= Data extract =
==================================================
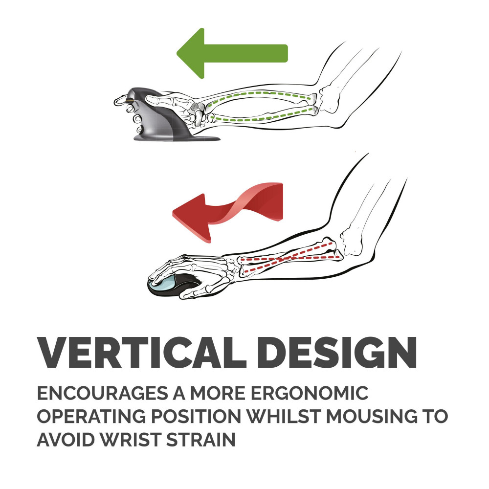 - AVOID WRIST STRAIN - The vertical design of this ergonomic mouse reduces muscle and wrist strain, encouraging you to work in an ergonomic position whilst mousing
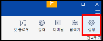 오른쪽 상단에 설정 아이콘을 클릭합니다.
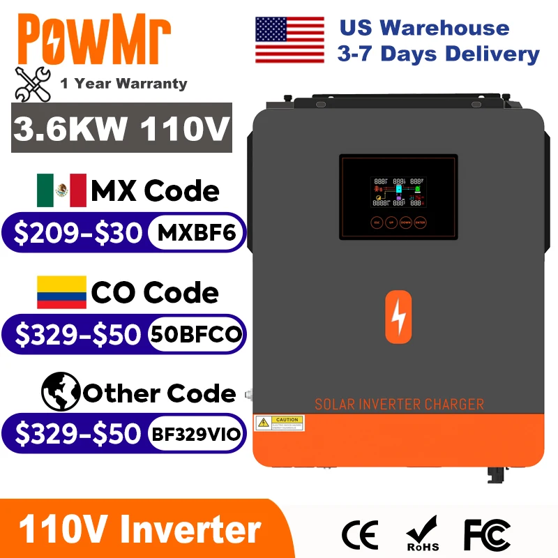 PowMr Гібридний сонячний інвертор 3.6 кВт Off-Grid
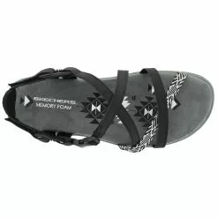 The Skechers Reggae Slim – Staycation sandal will be your perfect go-to staple this season. This sporty strappy sandal features a faux leather and fabric upper with geo print accent and cushioned Memory Foam comfort footbed.
==================================================
= Goal of the exercise =
Go through the data above and transcribe it in full, omitting any image.

= Exercise answer =
 - AVOID WRIST STRAIN - The vertical design of this ergonomic mouse reduces muscle and wrist strain, encouraging you to work in an ergonomic position whilst mousing
 오른쪽 상단에 설정 아이콘을 클릭합니다.
 PowMr Гібридний сонячний інвертор 3.6 кВт Off-Grid
 The Skechers Reggae Slim – Staycation sandal will be your perfect go-to staple this season. This sporty strappy sandal features a faux leather and fabric upper with geo print accent and cushioned Memory Foam comfort footbed.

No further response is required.